**Assigned task**. Below is a listing with pictures in it; transcribe exactly the lines from the one that has "- Saad, A.A.;" through the one that has "Meet Pushy, a", and omit those pictures.

**Input**.
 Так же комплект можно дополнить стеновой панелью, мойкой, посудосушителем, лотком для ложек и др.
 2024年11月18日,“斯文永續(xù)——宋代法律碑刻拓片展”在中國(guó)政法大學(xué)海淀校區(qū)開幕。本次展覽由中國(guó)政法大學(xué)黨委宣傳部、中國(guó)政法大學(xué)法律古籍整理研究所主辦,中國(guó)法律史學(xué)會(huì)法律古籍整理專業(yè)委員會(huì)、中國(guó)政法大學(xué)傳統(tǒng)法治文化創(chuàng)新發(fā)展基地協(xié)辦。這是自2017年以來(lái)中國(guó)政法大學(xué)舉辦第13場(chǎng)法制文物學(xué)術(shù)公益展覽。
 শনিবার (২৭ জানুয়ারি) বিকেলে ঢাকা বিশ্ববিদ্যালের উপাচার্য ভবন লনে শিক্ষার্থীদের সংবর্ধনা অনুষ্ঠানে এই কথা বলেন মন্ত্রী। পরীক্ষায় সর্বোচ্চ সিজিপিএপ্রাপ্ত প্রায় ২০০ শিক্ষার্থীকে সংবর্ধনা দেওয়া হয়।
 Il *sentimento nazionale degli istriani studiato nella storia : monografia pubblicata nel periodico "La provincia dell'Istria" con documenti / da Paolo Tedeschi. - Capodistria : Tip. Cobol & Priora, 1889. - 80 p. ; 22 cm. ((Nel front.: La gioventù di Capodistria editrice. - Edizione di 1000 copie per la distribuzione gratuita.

* * *

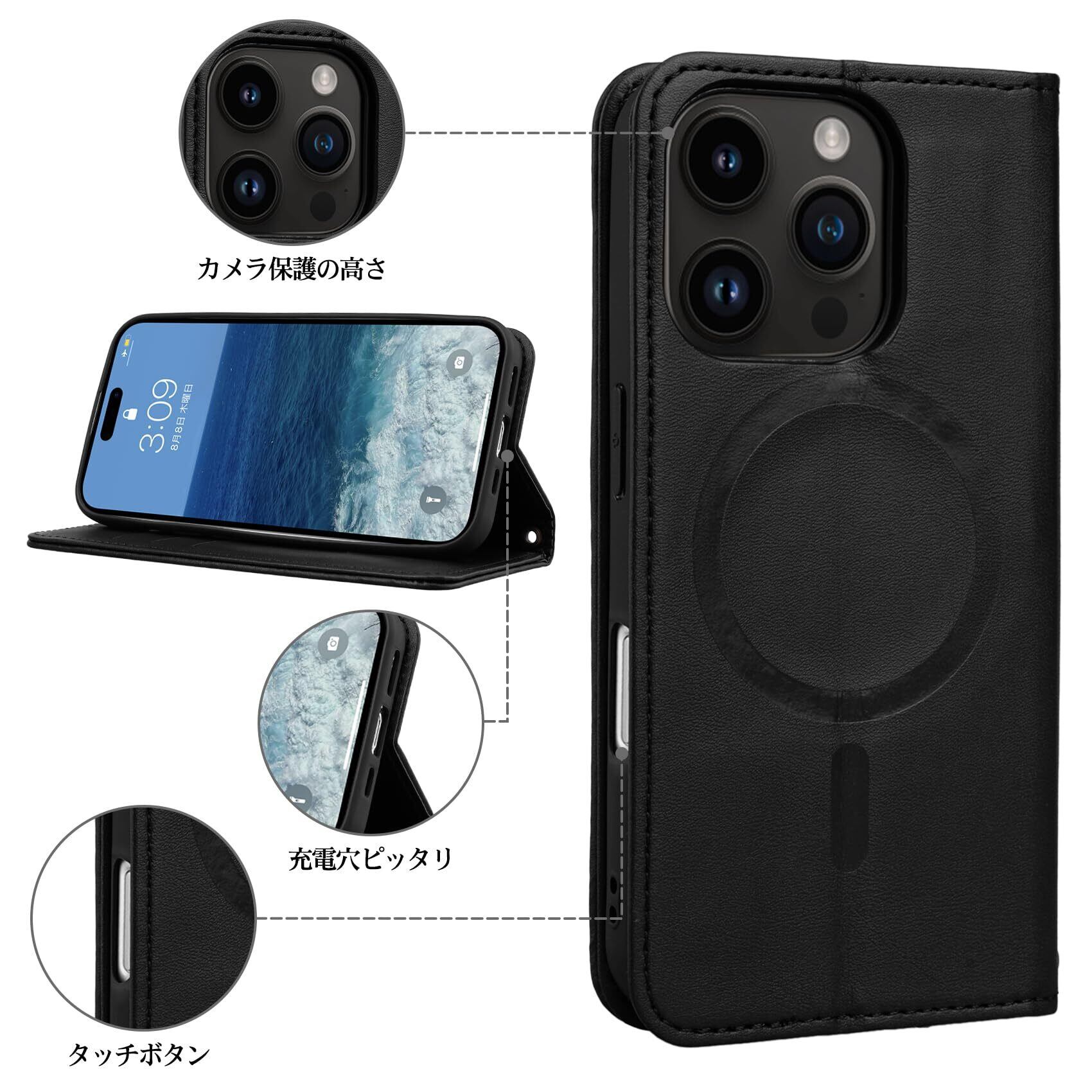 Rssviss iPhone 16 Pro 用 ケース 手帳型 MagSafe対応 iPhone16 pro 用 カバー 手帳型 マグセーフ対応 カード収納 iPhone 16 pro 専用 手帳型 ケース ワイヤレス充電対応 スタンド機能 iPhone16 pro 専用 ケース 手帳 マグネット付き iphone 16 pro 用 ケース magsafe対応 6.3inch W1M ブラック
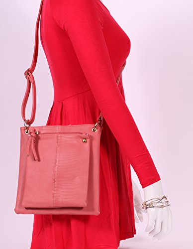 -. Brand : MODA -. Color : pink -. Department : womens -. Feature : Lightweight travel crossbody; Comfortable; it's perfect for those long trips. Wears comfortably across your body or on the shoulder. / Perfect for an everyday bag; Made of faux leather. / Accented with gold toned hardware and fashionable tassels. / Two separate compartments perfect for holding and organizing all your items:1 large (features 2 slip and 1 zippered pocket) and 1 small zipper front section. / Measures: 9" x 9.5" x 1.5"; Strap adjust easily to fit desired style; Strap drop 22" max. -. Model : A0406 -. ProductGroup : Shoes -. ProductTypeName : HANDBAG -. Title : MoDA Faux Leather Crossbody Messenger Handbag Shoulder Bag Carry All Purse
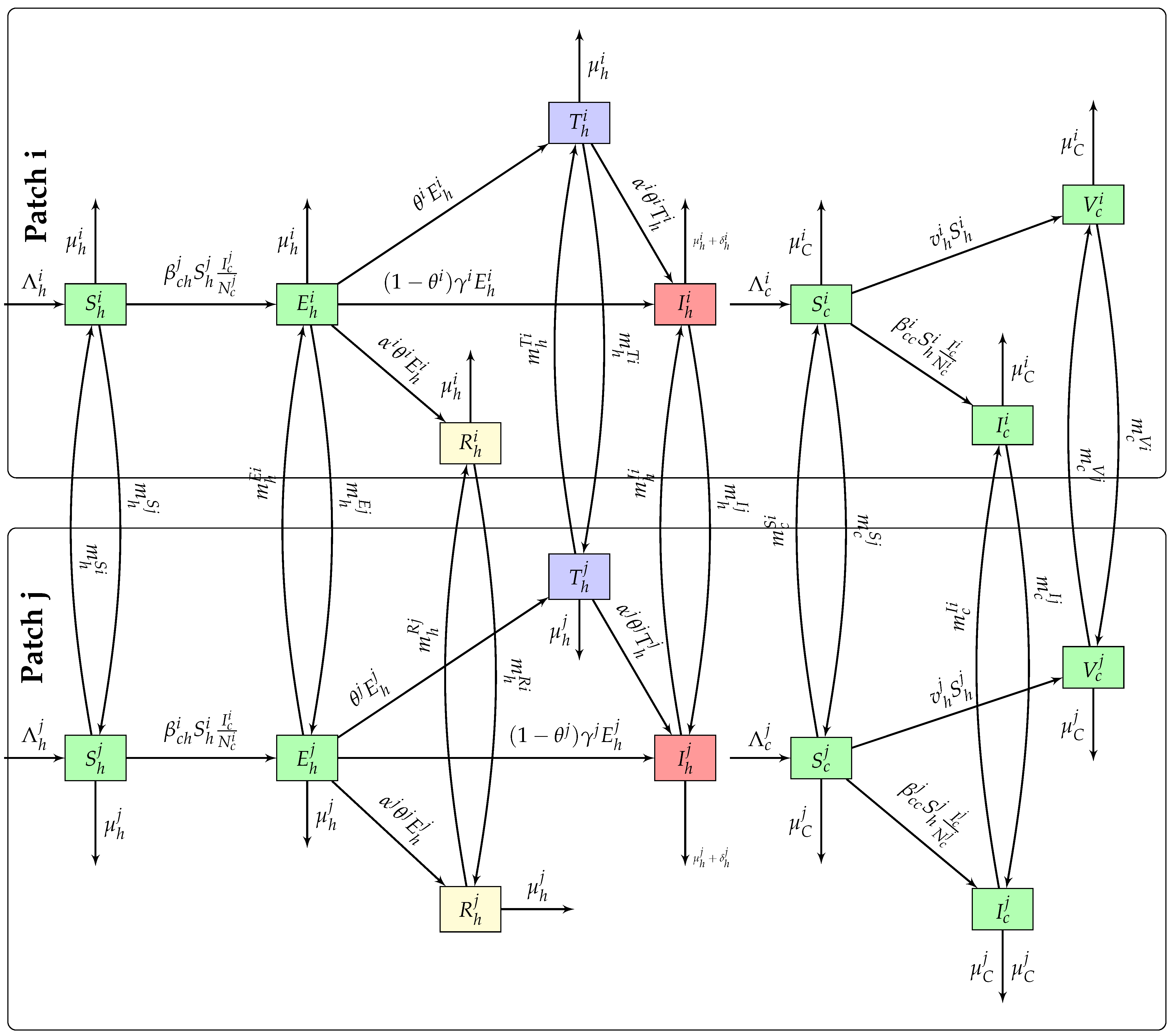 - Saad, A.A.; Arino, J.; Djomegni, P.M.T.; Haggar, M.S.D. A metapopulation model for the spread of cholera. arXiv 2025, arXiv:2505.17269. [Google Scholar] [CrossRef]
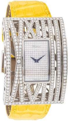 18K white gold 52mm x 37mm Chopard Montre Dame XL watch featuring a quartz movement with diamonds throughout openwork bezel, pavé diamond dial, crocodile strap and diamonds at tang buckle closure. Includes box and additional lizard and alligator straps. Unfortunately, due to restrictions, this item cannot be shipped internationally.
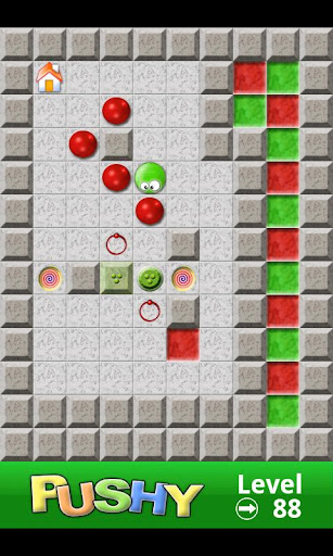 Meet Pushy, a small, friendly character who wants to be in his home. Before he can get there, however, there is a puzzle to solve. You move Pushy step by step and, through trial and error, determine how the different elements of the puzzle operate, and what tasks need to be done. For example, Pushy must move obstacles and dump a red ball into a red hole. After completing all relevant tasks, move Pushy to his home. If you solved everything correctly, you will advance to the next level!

**Response area**.
 - Saad, A.A.; Arino, J.; Djomegni, P.M.T.; Haggar, M.S.D. A metapopulation model for the spread of cholera. arXiv 2025, arXiv:2505.17269. [Google Scholar] [CrossRef]
 18K white gold 52mm x 37mm Chopard Montre Dame XL watch featuring a quartz movement with diamonds throughout openwork bezel, pavé diamond dial, crocodile strap and diamonds at tang buckle closure. Includes box and additional lizard and alligator straps. Unfortunately, due to restrictions, this item cannot be shipped internationally.
 Meet Pushy, a small, friendly character who wants to be in his home. Before he can get there, however, there is a puzzle to solve. You move Pushy step by step and, through trial and error, determine how the different elements of the puzzle operate, and what tasks need to be done. For example, Pushy must move obstacles and dump a red ball into a red hole. After completing all relevant tasks, move Pushy to his home. If you solved everything correctly, you will advance to the next level!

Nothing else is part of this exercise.